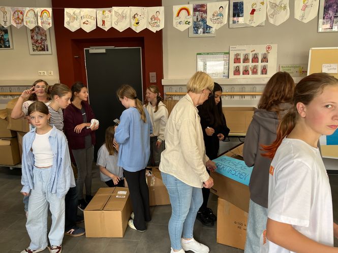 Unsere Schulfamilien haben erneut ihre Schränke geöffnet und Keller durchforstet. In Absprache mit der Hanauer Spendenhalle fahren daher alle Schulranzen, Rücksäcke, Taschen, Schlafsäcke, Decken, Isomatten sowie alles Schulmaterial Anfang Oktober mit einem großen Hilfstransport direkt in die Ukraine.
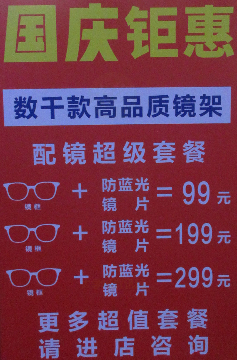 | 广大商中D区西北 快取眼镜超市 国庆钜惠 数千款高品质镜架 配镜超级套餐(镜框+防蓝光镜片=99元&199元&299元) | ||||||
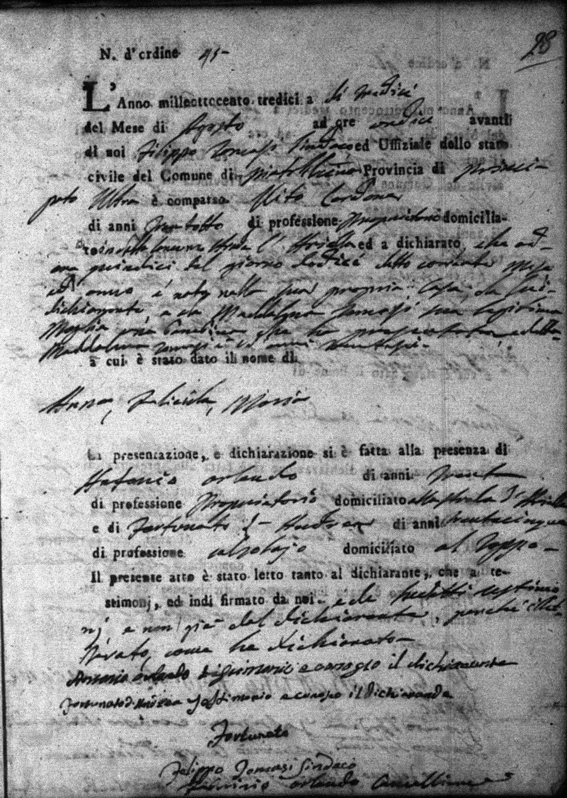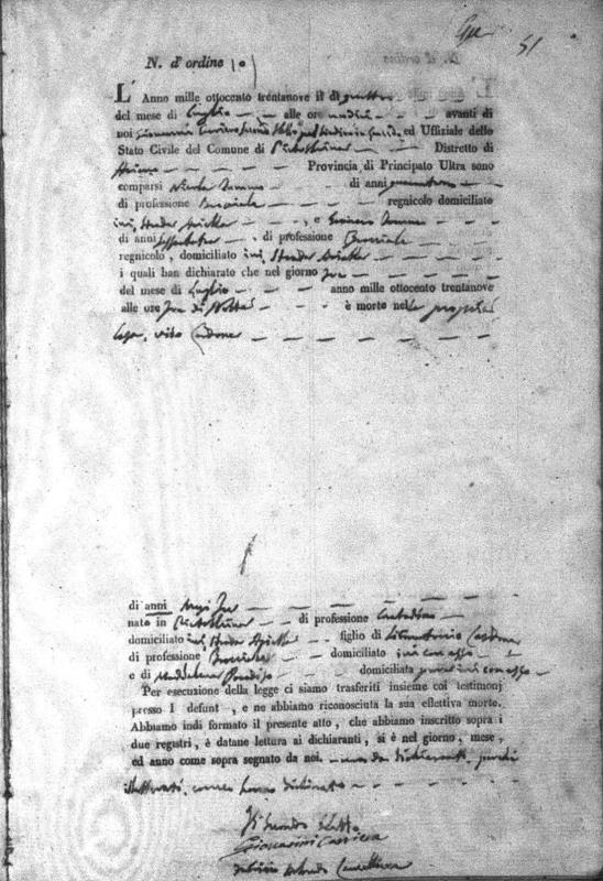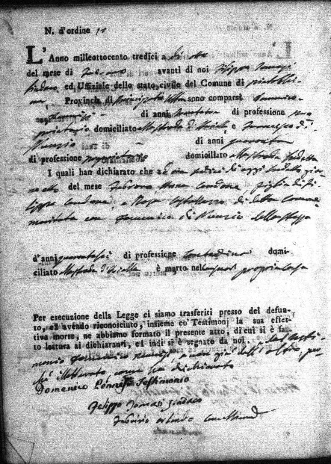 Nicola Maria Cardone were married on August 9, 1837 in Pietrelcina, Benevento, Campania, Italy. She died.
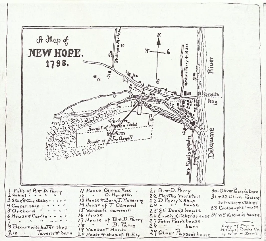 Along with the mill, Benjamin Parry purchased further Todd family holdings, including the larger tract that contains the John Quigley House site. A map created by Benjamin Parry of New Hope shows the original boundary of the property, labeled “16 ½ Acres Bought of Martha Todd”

---

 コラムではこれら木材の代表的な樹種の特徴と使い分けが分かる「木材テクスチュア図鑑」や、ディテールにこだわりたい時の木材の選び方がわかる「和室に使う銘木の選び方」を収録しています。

* * *

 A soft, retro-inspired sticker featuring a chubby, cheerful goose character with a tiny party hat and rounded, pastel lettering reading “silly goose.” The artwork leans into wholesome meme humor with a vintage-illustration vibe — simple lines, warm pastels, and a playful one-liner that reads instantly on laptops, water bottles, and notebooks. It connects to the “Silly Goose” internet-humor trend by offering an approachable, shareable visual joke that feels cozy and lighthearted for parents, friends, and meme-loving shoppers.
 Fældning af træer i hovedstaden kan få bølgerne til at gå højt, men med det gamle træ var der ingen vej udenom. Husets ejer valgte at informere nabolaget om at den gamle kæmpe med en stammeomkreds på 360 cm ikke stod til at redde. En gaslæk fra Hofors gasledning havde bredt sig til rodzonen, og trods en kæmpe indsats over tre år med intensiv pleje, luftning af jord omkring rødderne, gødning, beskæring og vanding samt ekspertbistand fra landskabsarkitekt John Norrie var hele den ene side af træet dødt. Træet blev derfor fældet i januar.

→ Exercise aim
Pictures excluded, reproduce only the part above that opens with the line holding "Unsere Schulfamilien haben" and closes with the line holding "Along with the", exactly as written.

→ Exercise solution
 Unsere Schulfamilien haben erneut ihre Schränke geöffnet und Keller durchforstet. In Absprache mit der Hanauer Spendenhalle fahren daher alle Schulranzen, Rücksäcke, Taschen, Schlafsäcke, Decken, Isomatten sowie alles Schulmaterial Anfang Oktober mit einem großen Hilfstransport direkt in die Ukraine.
 | 广大商中D区西北 快取眼镜超市 国庆钜惠 数千款高品质镜架 配镜超级套餐(镜框+防蓝光镜片=99元&199元&299元) | ||||||
 Nicola Maria Cardone were married on August 9, 1837 in Pietrelcina, Benevento, Campania, Italy. She died.
 Along with the mill, Benjamin Parry purchased further Todd family holdings, including the larger tract that contains the John Quigley House site. A map created by Benjamin Parry of New Hope shows the original boundary of the property, labeled “16 ½ Acres Bought of Martha Todd”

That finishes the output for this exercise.